Una Brands launches with $40M to roll up brands on multiple Asia-Pacific e-commerce platforms

Una Brands' co-founders (from left to right): Tobias Heusch, Kiran Tanna and Kushal Patel

Una Brands’ co-founders (from left to right): Tobias Heusch, Kiren Tanna and Kushal Patel. Una Brands Una Brands

One of the biggest funding trends of the past year is companies that consolidate small e-commerce brands. Many of the most notable startups in the space, like Thrasio, Berlin Brands Group and Branded Group, focus on consolidating Amazon Marketplace sellers. But the e-commerce landscape is more fragmented in the Asia-Pacific region, where sellers use platforms like Tokopedia, Lazada, Shopee, Rakuten or eBay, depending on where they are. That is where Una Brands comes in. Co-founder Kiren Tanna, former chief executive officer of Rocket Internet Asia, said the startup is “platform agnostic,” searching across marketplaces (and platforms like Shopify, Magento or WooCommerce) for potential acquisitions.

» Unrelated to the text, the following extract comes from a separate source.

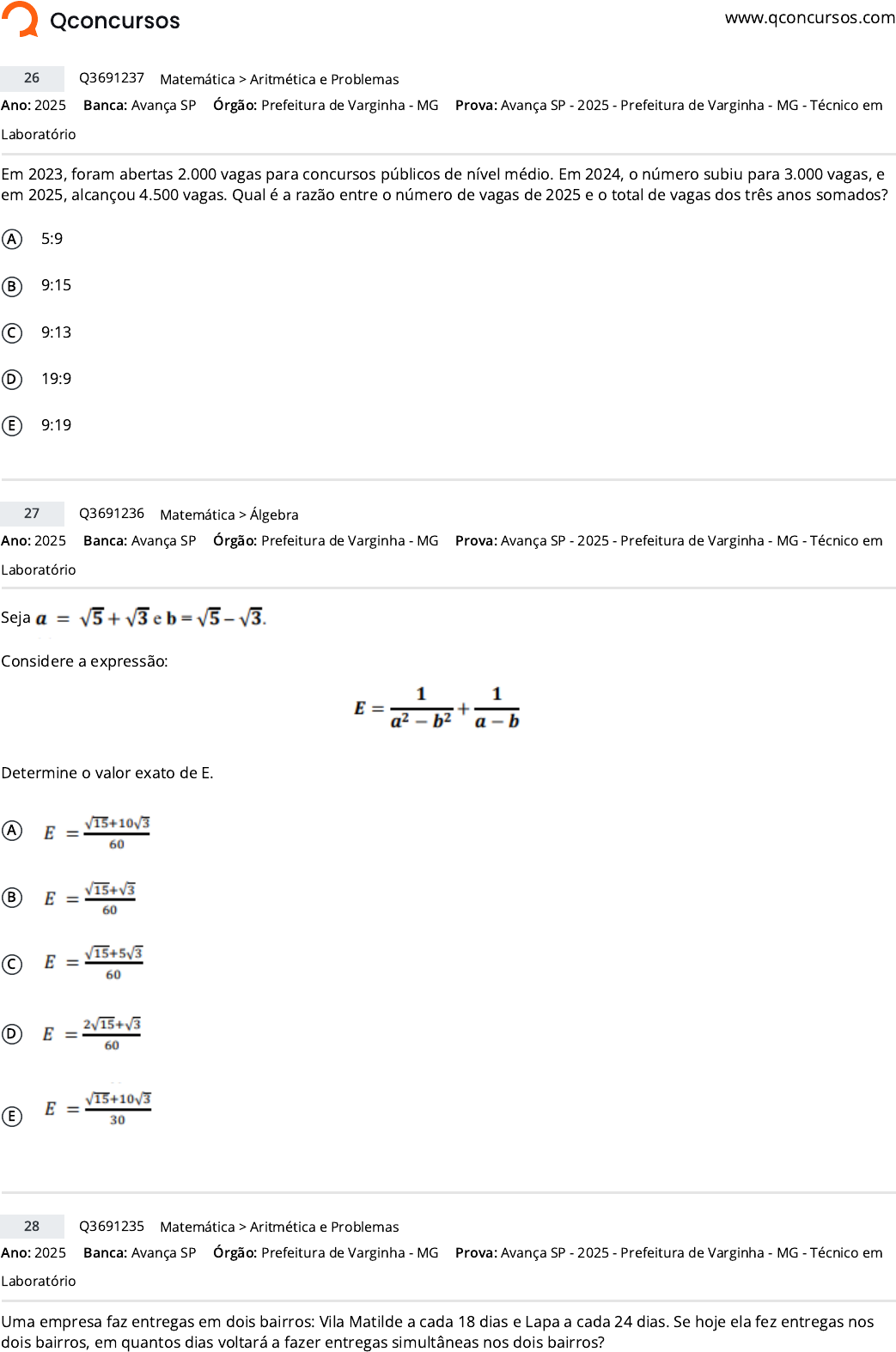 www.qconcursos.com Ano: 2025 Banca: Avança SP Órgão: Prefeitura de Varginha - MG Em 2023, foram abertas 2.000 vagas para concursos públicos de nível médio. Em 2024, o número subiu para 3.000 vagas, e em 2025, alcançou 4.500 vagas. Qual é a razão entre o número de vagas de 2025 e o total de vagas dos três anos somados? A 5:9 B 9:15 C 9:13 D 19:9 E 9:19 Ano: 2025 Banca: Avança SP Órgão: Prefeitura de Varginha - MG Seja Considere a expressão: Determine o valor exato de E. A B C D E Ano: 2025 Banca: Avança SP Órgão: Prefeitura de Varginha - MG Uma empresa faz entregas em dois bairros: Vila Matilde a cada 18 dias e Lapa a cada 24 dias. Se hoje ela fez entregas nos dois bairros, em quantos dias voltará a fazer entregas simultâneas nos dois bairros? 26 Q3691237 >Matemática Aritmética e Problemas Prova: Avança SP - 2025 - Prefeitura de Varginha - MG - Técnico em Laboratório 27 Q3691236 >Matemática Álgebra Prova: Avança SP - 2025 - Prefeitura de Varginha - MG - Técnico em Laboratório 28 Q3691235 >Matemática Aritmética e Problemas Prova: Avança SP - 2025 - Prefeitura de Varginha - MG - Técnico em Laboratório https://www.qconcursos.com/ https://www.qconcursos.com/questoes-de-concursos/bancas/avanca-sp https://www.qconcursos.com/questoes-de-concursos/institutos/prefeitura-de-varginha-mg https://www.qconcursos.com/questoes-de-concursos/bancas/avanca-sp https://www.qconcursos.com/questoes-de-concursos/institutos/prefeitura-de-varginha-mg https://www.qconcursos.com/questoes-de-concursos/bancas/avanca-sp https://www.qconcursos.com/questoes-de-concursos/institutos/prefeitura-de-varginha-mg https://www.qconcursos.com/questoes-de-concursos/questoes/0b7c275e-b4 https://www.qconcursos.com/questoes-de-concursos/disciplinas/matematica-matematica https://www.qconcursos.com/questoes-de-concursos/disciplinas/matematica-matematica/aritmetica-e-problemas https://www.qconcursos.com/questoes-de-concursos/provas/avanca-sp-2025-prefeitura-de-varginha-mg-tecnico-em-laboratorio https://www.qconcursos.com/questoes-de-concursos/provas/avanca-sp-2025-prefeitura-de-varginha-mg-tecnico-em-laboratorio https://www.qconcursos.com/questoes-de-concursos/questoes/0b79a785-b4 https://www.qconcursos.com/questoes-de-concursos/disciplinas/matematica-matematica https://www.qconcursos.com/questoes-de-concursos/disciplinas/matematica-matematica/algebra https://www.qconcursos.com/questoes-de-concursos/provas/avanca-sp-2025-prefeitura-de-varginha-mg-tecnico-em-laboratorio https://www.qconcursos.com/questoes-de-concursos/provas/avanca-sp-2025-prefeitura-de-varginha-mg-tecnico-em-laboratorio https://www.qconcursos.com/questoes-de-concursos/questoes/0b76f593-b4 https://www.qconcursos.com/questoes-de-concursos/disciplinas/matematica-matematica https://www.qconcursos.com/questoes-de-concursos/disciplinas/matematica-matematica/aritmetica-e-problemas https://www.qconcursos.com/questoes-de-concursos/provas/avanca-sp-2025-prefeitura-de-varginha-mg-tecnico-em-laboratorio https://www.qconcursos.com/questoes-de-concursos/provas/avanca-sp-2025-prefeitura-de-varginha-mg-tecnico-em-laboratorio A 42 dias B 36 dias C 48 dias D 54 dias E 72 dias Ano: 2025 Banca: Avança SP Órgão: Prefeitura de Varginha - MG Assinale o número de ocorrências destacadas nas frases abaixo em que o emprego ou não do acento grave se apresenta correto. - Ontem nós comemos filé à parmegiana. - Ele saiu à francesa do escritório às duas horas da tarde. - Fiz referência a tudo quanto era desconto. - Fazia reverência a qualquer pessoa que chegasse ao recinto. A Uma B Duas C Três D Quatro E Cinco Ano: 2025 Banca: Avança SP Órgão: Prefeitura de Varginha - MG 29 Q3691233 >Português Crase Prova: Avança SP - 2025 - Prefeitura de Varginha - MG - Técnico em Laboratório 30 Q3691232 >Português Morfologia Prova: Avança SP - 2025 - Prefeitura de Varginha - MG - Técnico em Laboratório https://www.qconcursos.com/questoes-de-concursos/bancas/avanca-sp https://www.qconcursos.com/questoes-de-concursos/institutos/prefeitura-de-varginha-mg https://www.qconcursos.com/questoes-de-concursos/bancas/avanca-sp https://www.qconcursos.com/questoes-de-concursos/institutos/prefeitura-de-varginha-mg https://www.qconcursos.com/questoes-de-concursos/questoes/0b71e624-b4 https://www.qconcursos.com/questoes-de-concursos/disciplinas/letras-portugues https://www.qconcursos.com/questoes-de-concursos/disciplinas/letras-portugues/crase https://www.qconcursos.com/questoes-de-concursos/provas/avanca-sp-2025-prefeitura-de-varginha-mg-tecnico-em-laboratorio https://www.qconcursos.com/questoes-de-concursos/provas/avanca-sp-2025-prefeitura-de-varginha-mg-tecnico-em-laboratorio https://www.qconcursos.com/questoes-de-concursos/questoes/0b6f8036-b4 https://www.qconcursos.com/questoes-de-concursos/disciplinas/letras-portugues https://www.qconcursos.com/questoes-de-concursos/disciplinas/letras-portugues/morfologia https://www.qconcursos.com/questoes-de-concursos/provas/avanca-sp-2025-prefeitura-de-varginha-mg-tecnico-em-laboratorio https://www.qconcursos.com/questoes-de-concursos/provas/avanca-sp-2025-prefeitura-de-varginha-mg-tecnico-em-laboratorio PUBLISHNEWS. Os passarinhos – esquecimento global. 09 maio 2025. Disponível em . Assinale a alternativa que apresenta uma análise correta em relação aos quadrinhos acima. A Na expressão “um calor de rachar”, “de rachar” funciona como um adjetivo em relação a “calor”. B Na expressão “esquecimento global”, “esquecimento” funciona como um adjetivo em relação a “global”. C Na expressão “aquecimento global”, “global” funciona como um advérbio em relação a “aquecimento”. D “Nossa!” é uma interjeição que possui o sentido de desejo. E A forma verbal “degradam” possui um sentido positivo no texto, desejável. Respostas 26: E 27: A 28: E 29: E 30: A www.qconcursos.com https://www.qconcursos.com/

Una announced today that it has raised a $40 million equity and debt round. Investors include 500 Startups, Kingsway Capital, 468 Capital, Presight Capital, Global Founders Capital and Maximilian Bitner, the former CEO of Lazada who currently holds the same role at secondhand fashion platform Vestiaire Collective.

Una did not disclose the ratio of equity and debt in the round. Like many other e-commerce aggregators, including Thrasio, Una raised debt financing to buy brands because it is non-dilutive. The round will also be used to hire aggressively in order to evaluate brands in its pipeline. Una currently has teams in Singapore, Malaysia and Australia and plans to expand in Southeast Asia before entering Taiwan, Japan and South Korea.

Tanna, who also founded Foodpanda and ZEN Rooms, launched Una along with Adrian Johnston, Kushal Patel, Tobias Heusch and Srinivasan Shridharan. He estimates that there are more than 10 million third-party sellers spread across different platforms in the Asia-Pacific.

“Every single seller in Asia is looking at multiple platforms and not just Amazon,” Tanna told TechCrunch. “We saw a big gap in the market where e-commerce is growing very quickly, but players in the West are not able to look at every platform, so that is why we decided to focus on APAC, launch the business there and acquire sellers who are selling on multiple platforms.”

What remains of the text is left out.